Start of Records for the exercise

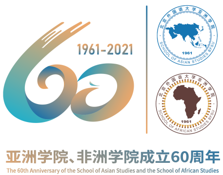 六十周年院庆标识采用了两院院徽的底色,亚非交融、海陆联动,与亚非国家广泛参与的“一带一路”合作倡议相契合。标识主体由阿拉伯数字60构成,右上方为院庆年号1961-2021。数字笔力雄健,反映出亚非两院六十年历史的恢弘气势;线条灵动,体现了亚非两院新时期焕发的勃勃生机。
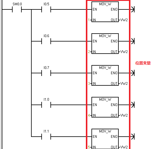 这里我们先分析一下,整个过程的运行逻辑。这个程序当中,我们需要使用“状态标志位 ”,首先,我们通过传送指令,将小车的位置信息给到位置变量VW0。
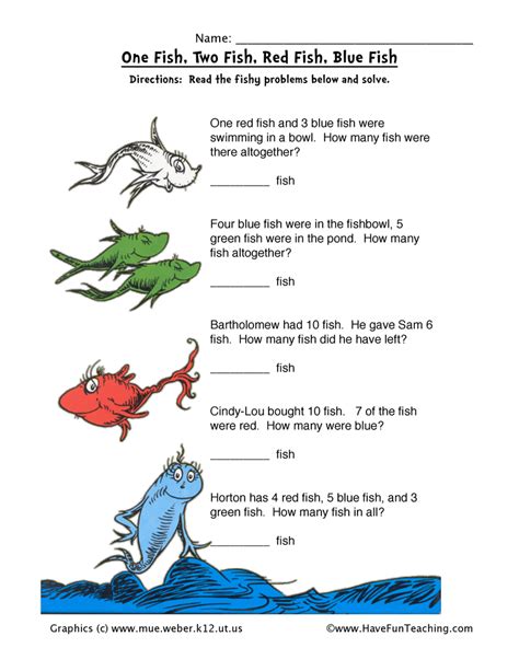 One Fish, Two Fish Activities w/ FREE Dr Seuss Worksheets pdf
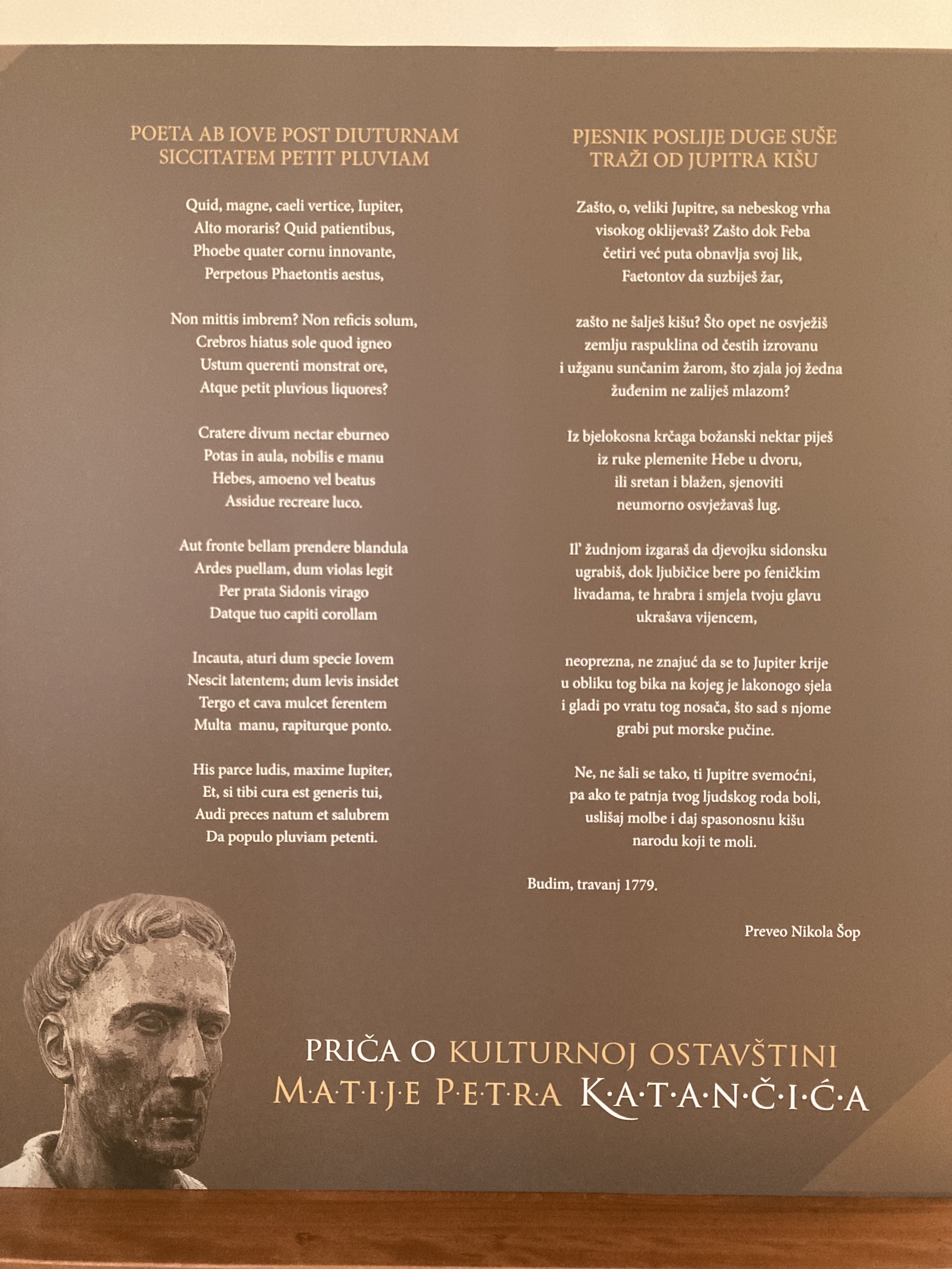 Ukratko o M. P. Katančiću: Bio je hrvatski književnik i latinist, sveučilišni profesor poetike i stihotvorac/versifikator (stručnjak koji proučava strukturu stiha), povjesničar, numizmatičar, kartograf i franjevac. Kao gimnazijski profesor služio je u Osijeku i Zagrebu, a potom je izabran za profesora arheologije na Sveučilištu u Budimu, gdje je i preminuo u franjevačkome samostanu. Katančić je prvi u cijelosti preveo Bibliju na hrvatski jezik (Sveto pismo Starog zakona i Sveto pismo Novog zakona) koja je objavljena 1831. godine. Njegova je najpoznatija pjesnička zbirka na latinskome i hrvatskome jeziku Jesenji plodovi (Fructus auctumnales), koja se sastoji od  pohvalnica, epigrama, elegija, pastirskih razgovora i drugih pjesama, prigodnica. Izdvojili smo pjesma i Vinobera u zelenoj Molbice dolini koja opjevava idiličan krajolik, razigranost i sreću kao sjetno prisjećanje na bezbrižnost mladenaštva.
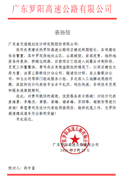 近日,廣東羅陽高速公路有限公司發(fā)來表?yè)P(yáng)信,對(duì)我司在羅陽高速公路項(xiàng)目中的突出表現(xiàn)表示贊揚(yáng),同時(shí)對(duì)負(fù)責(zé)該項(xiàng)目的第三路橋設(shè)計(jì)分公司等組織和設(shè)計(jì)代表等個(gè)人給予了通報(bào)表?yè)P(yáng)。特此報(bào)喜。
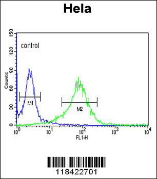 LUM Antibody (N-term) (Cat. APR05951G) flow cytometric analysis of Hela cells (right histogram) compared to a negative control cell (left histogram).FITC-conjugated goat-anti-rabbit secondary antibodies were used for the analysis. |
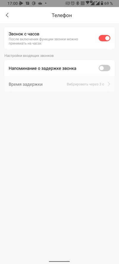 С помощью этой опции можно включить возможность приема звонков непосредственно на самих часах.
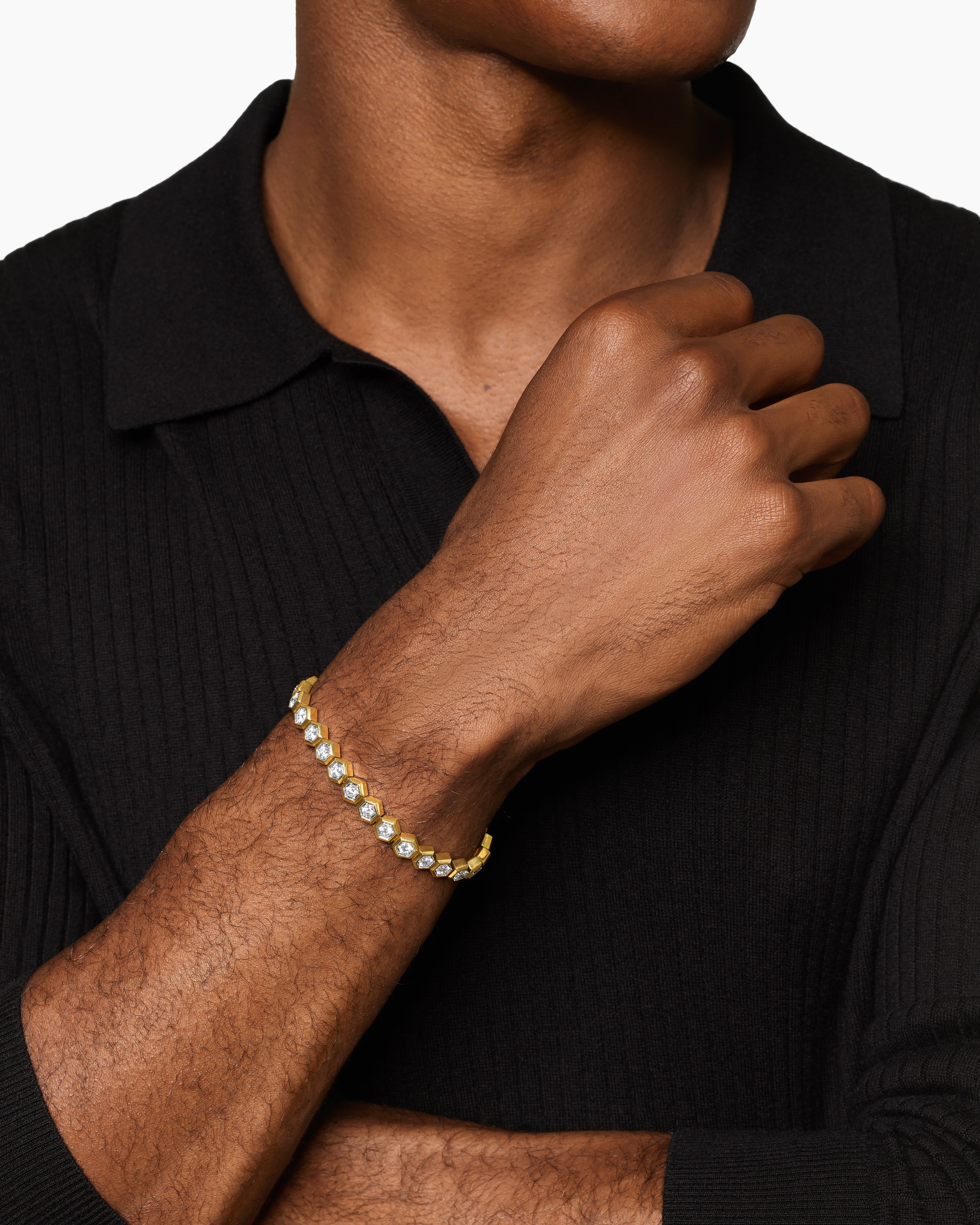 Hex Pavé Tennis Bracelet 18K Yellow Gold with Diamonds, 8mm
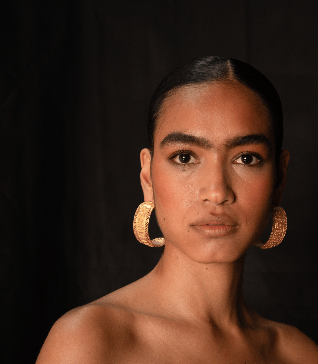 Aros estructurados con texturas que reflejan patrones ancestrales. Su forma envolvente y detalle grabado los convierten en una pieza versátil y llamativa.
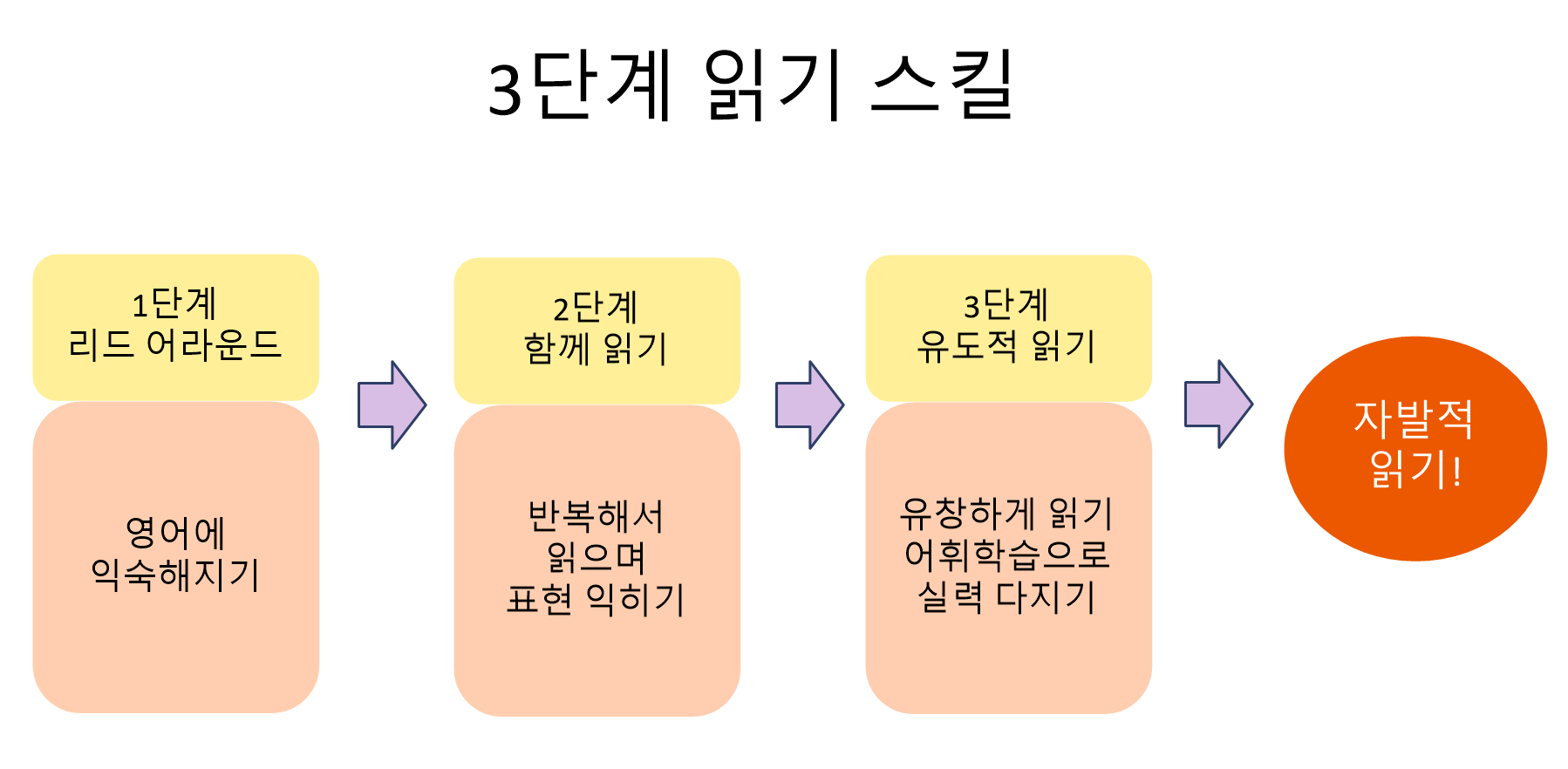 리드어라우드 단계는 그림과 글이 일채해서 내용을 쉽게 이해할 수 있고 반복되는 문장안에서 해당 주제의 어휘를 다양하게 익힐 수 있는 책을 선정해야 합니다. 많은 책을 읽어 주어 아이가 영어의 소리와 문장 구조를 익히고 기본 어휘를 알아가는 데 초점을 두는 과정입니다. 2,3 단계를 넘어가더라도 리드어라운드 과정을 꾸준히 해주는 것이 영어 학습에 효과적 입니다.

End of Records for the exercise

The task
Your answer should be the lines from the opening of the records through the line with "One Fish, Two", both ends retyped exactly and pictures left out.

Finished exercise
 六十周年院庆标识采用了两院院徽的底色,亚非交融、海陆联动,与亚非国家广泛参与的“一带一路”合作倡议相契合。标识主体由阿拉伯数字60构成,右上方为院庆年号1961-2021。数字笔力雄健,反映出亚非两院六十年历史的恢弘气势;线条灵动,体现了亚非两院新时期焕发的勃勃生机。
 这里我们先分析一下,整个过程的运行逻辑。这个程序当中,我们需要使用“状态标志位 ”,首先,我们通过传送指令,将小车的位置信息给到位置变量VW0。
 One Fish, Two Fish Activities w/ FREE Dr Seuss Worksheets pdf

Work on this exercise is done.